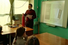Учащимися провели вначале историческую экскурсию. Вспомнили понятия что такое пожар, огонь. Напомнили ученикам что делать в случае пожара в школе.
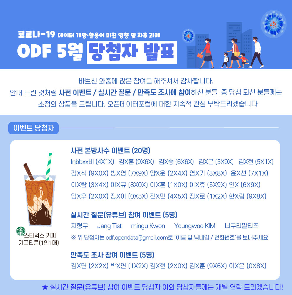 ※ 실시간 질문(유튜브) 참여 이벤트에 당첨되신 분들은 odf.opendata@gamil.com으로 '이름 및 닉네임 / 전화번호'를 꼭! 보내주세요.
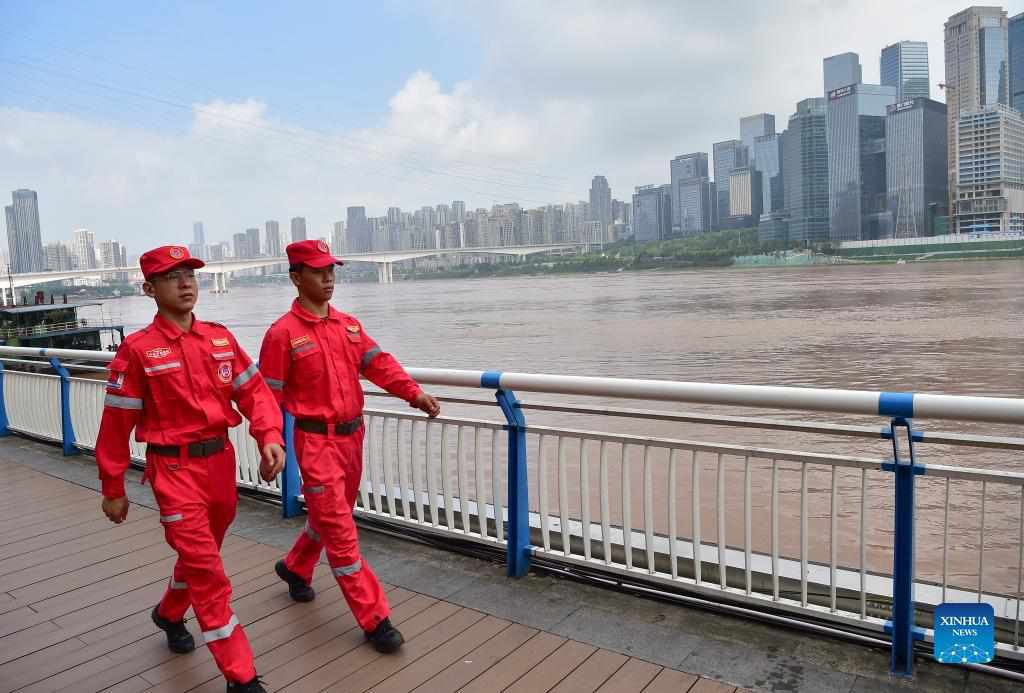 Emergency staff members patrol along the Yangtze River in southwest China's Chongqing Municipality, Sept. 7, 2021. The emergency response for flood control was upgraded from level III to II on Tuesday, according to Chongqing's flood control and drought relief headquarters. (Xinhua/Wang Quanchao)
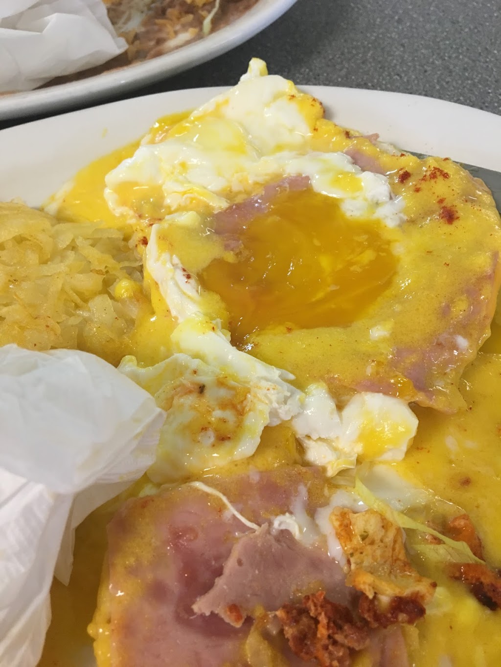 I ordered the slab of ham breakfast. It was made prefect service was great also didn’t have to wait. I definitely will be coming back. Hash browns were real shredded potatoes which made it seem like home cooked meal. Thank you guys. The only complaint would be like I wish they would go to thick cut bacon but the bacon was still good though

▶ [Task statement] The expected output is an exact copy of the lines from the one holding "Emergency staff members" through the last line of the listing above, with the pictures omitted.

▶ [The answer]
 Emergency staff members patrol along the Yangtze River in southwest China's Chongqing Municipality, Sept. 7, 2021. The emergency response for flood control was upgraded from level III to II on Tuesday, according to Chongqing's flood control and drought relief headquarters. (Xinhua/Wang Quanchao)
 I ordered the slab of ham breakfast. It was made prefect service was great also didn’t have to wait. I definitely will be coming back. Hash browns were real shredded potatoes which made it seem like home cooked meal. Thank you guys. The only complaint would be like I wish they would go to thick cut bacon but the bacon was still good though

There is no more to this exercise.